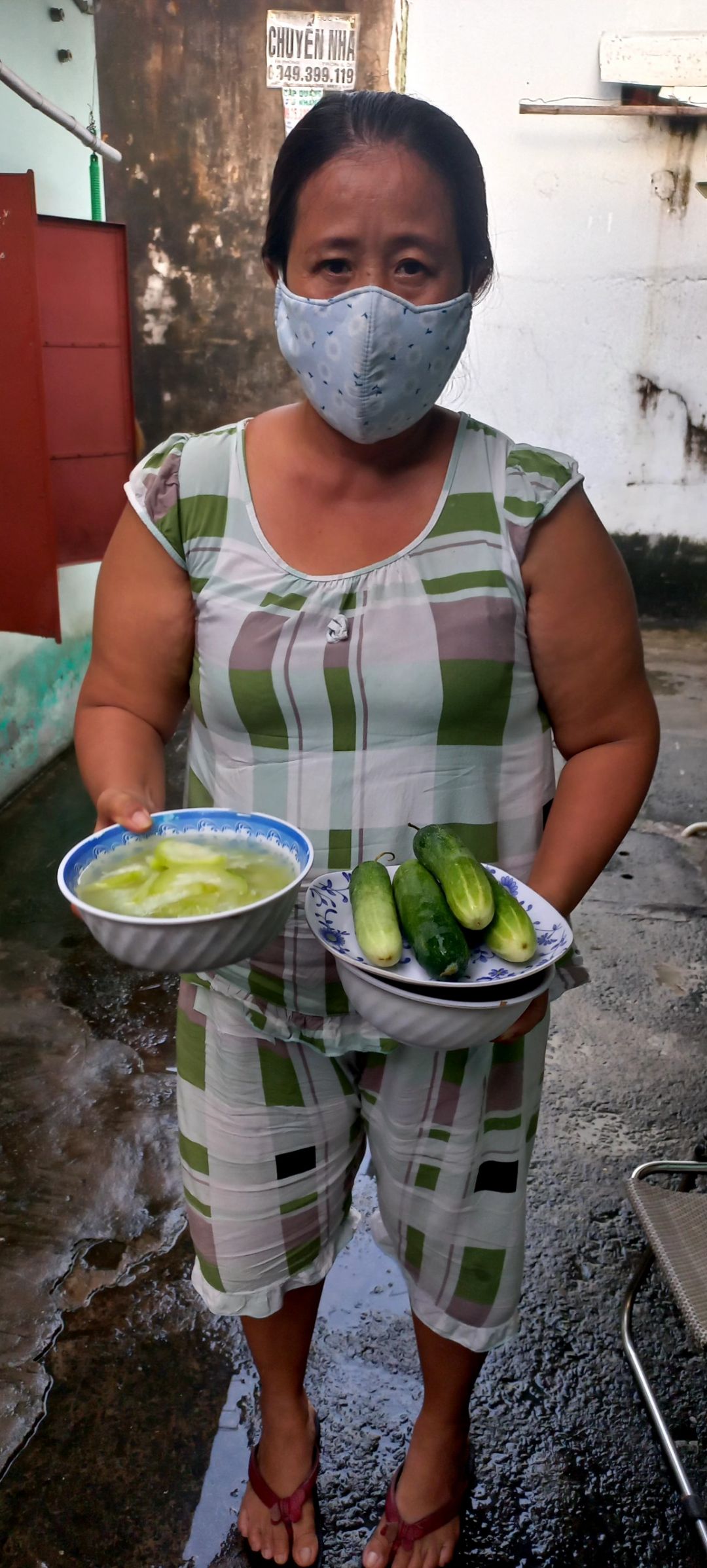 Bếp nhà An cảm ơn bếp nhà chị Dạ Hương đã gửi tặng 120kg dưa leo; 60kg cải thảo và 40kg cà tím. Các anh công an khu vực đã đem tặng cho các hộ gia đình cùng số thuốc men. Bà con gửi lời cảm ơn rất nhiều ạ!!!
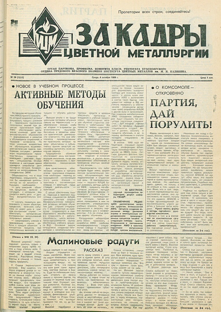 За кадры цветной металлургии : газета. 1989 г. № 26 (1231) (4 октября)выпуск журнала/газеты
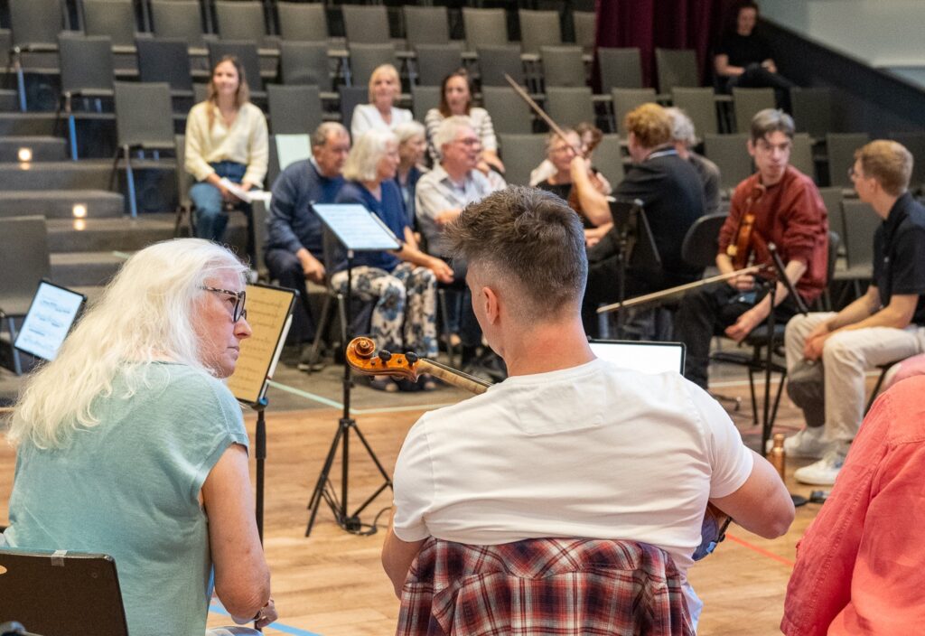 Das neugierige und enthusiastische Publikum, bekam die Gelegenheit, Fragen zum Konzertbetrieb zu stellen sowie eine Orchesterprobe mit Music Director Daniel Hope und Komponist Richard Dubugnon an vorderster Front mitten im Orchester mitzuerleben und dabei zu sein, wenn ein neues Werk entsteht.
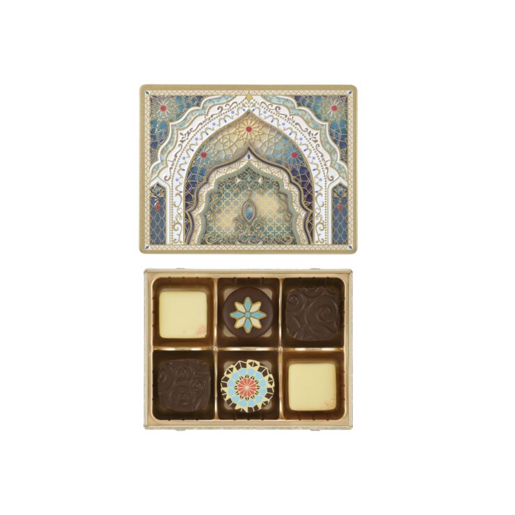 • アズラクジャミールは美しい青という意味。タイルをイメージしたチョコレートは3種類の味わい。煌びやかな缶が異国への旅へと誘います。
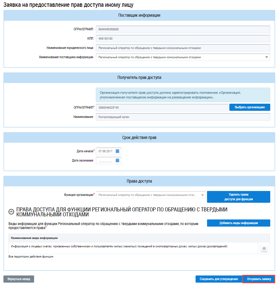 Для отправки заявки получателю прав нажмите на кнопку Отправить заявку (доступно для руководителей организации).
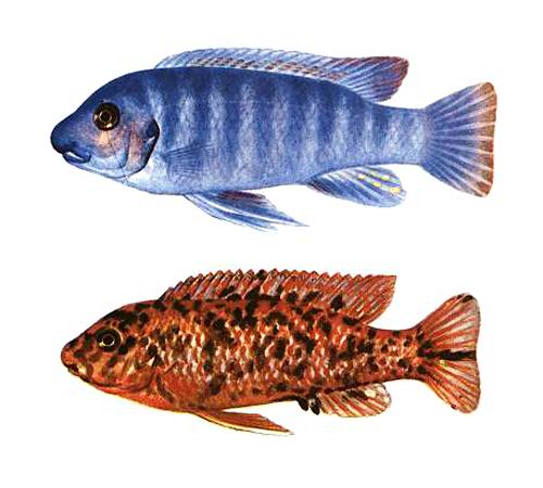 Цихлида-тапир может иметь разнообразную окраску. Вверху самец, внизу самка.
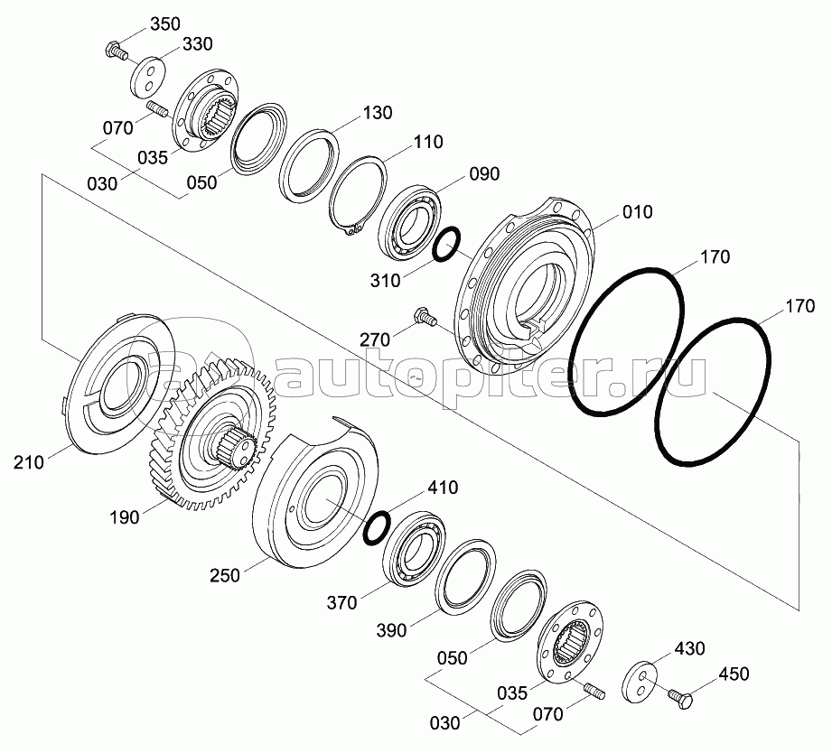 FRONT AXLE OUTPUT GROUP (-#0425)
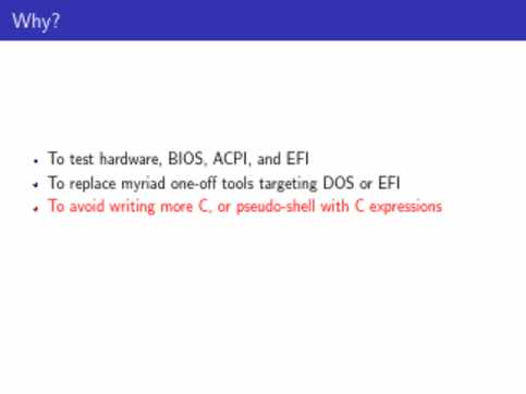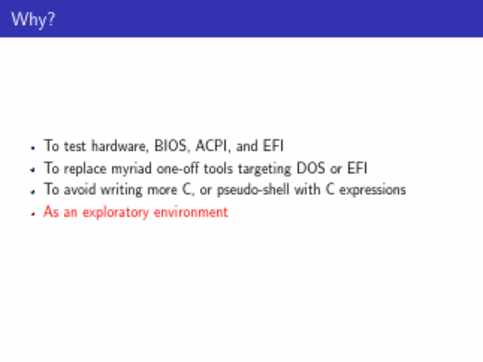 To test hardware, BIOS, ACPI, and EFI To replace myriad one-off tools targeting DOS or EFI To avoid writing more C, or pseudo-shell with C expressions As an exploratory environment
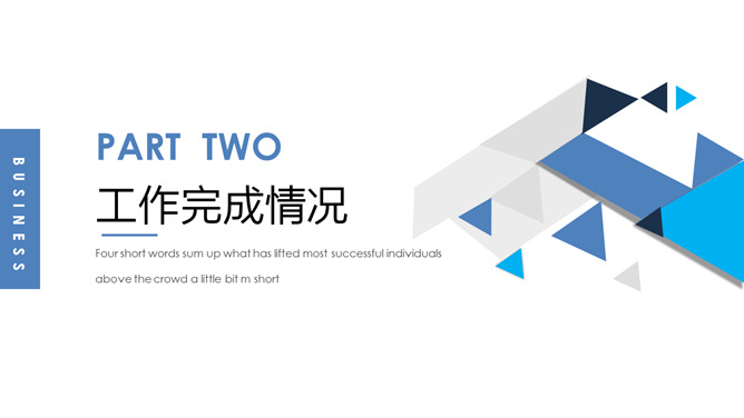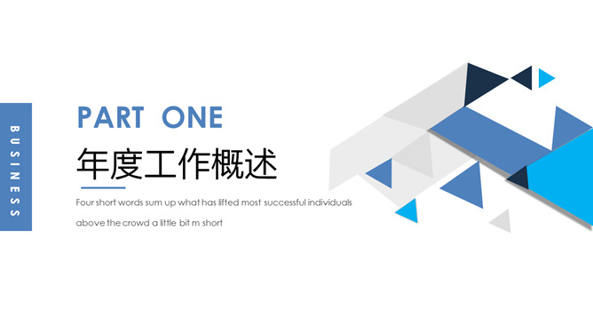 蓝色三角风工作总结PPT模板。一套工作汇报总结计划幻灯片模板,创意蓝色三角风设计,简约大气。
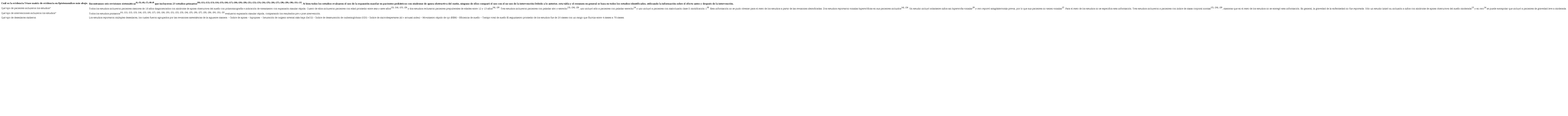 ● Otros desenlaces críticos como somnolencia diurna o efectos adversos de la intervención no fueron reportados por ninguna revisión sistemática.
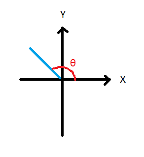 这里的夹角(θ)还需要注意一点,是X正半轴按逆时针的方向旋转然后得到的夹角,如图。
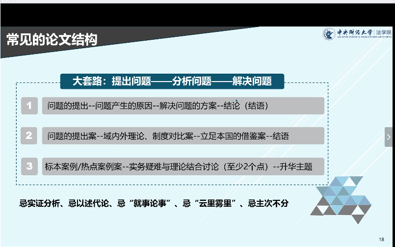关于论文结构,简爱博士指出,论文结构主要的大套路就是“提出问题——分析问题——解决问题”。第一种论文结构形式表现为:“问题的提出——问题产生的原因——解决问题的方案——结论”,这一逻辑比较通畅,是论文写作中比较普遍的结构;第二种论文结构为比较分析法:“问题的提出——域内外理论、制度对比案——立足于本国借鉴——结语”,这一结构虽有比较,但是最终还是要回到我国的立法实践;第三种论文结构即“标本案例——实务疑难与理论结合讨论——升华主题”。同论文选题一样,论文结构也要切忌实证分析、以述代论、“就事论事”、“云里雾里”、主次不分。
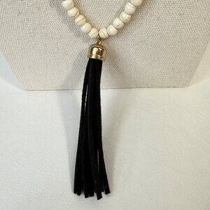 Leather Tassel and Stone Bead Necklace Mala Adjustable

→ Exercise objective:
Line by line, reproduce exactly the lines from the one containing "ninguna revisión sistemática." through the final line of the material, both included, leaving every picture out.

→ Response:
 ● Otros desenlaces críticos como somnolencia diurna o efectos adversos de la intervención no fueron reportados por ninguna revisión sistemática.
 这里的夹角(θ)还需要注意一点,是X正半轴按逆时针的方向旋转然后得到的夹角,如图。
关于论文结构,简爱博士指出,论文结构主要的大套路就是“提出问题——分析问题——解决问题”。第一种论文结构形式表现为:“问题的提出——问题产生的原因——解决问题的方案——结论”,这一逻辑比较通畅,是论文写作中比较普遍的结构;第二种论文结构为比较分析法:“问题的提出——域内外理论、制度对比案——立足于本国借鉴——结语”,这一结构虽有比较,但是最终还是要回到我国的立法实践;第三种论文结构即“标本案例——实务疑难与理论结合讨论——升华主题”。同论文选题一样,论文结构也要切忌实证分析、以述代论、“就事论事”、“云里雾里”、主次不分。
 Leather Tassel and Stone Bead Necklace Mala Adjustable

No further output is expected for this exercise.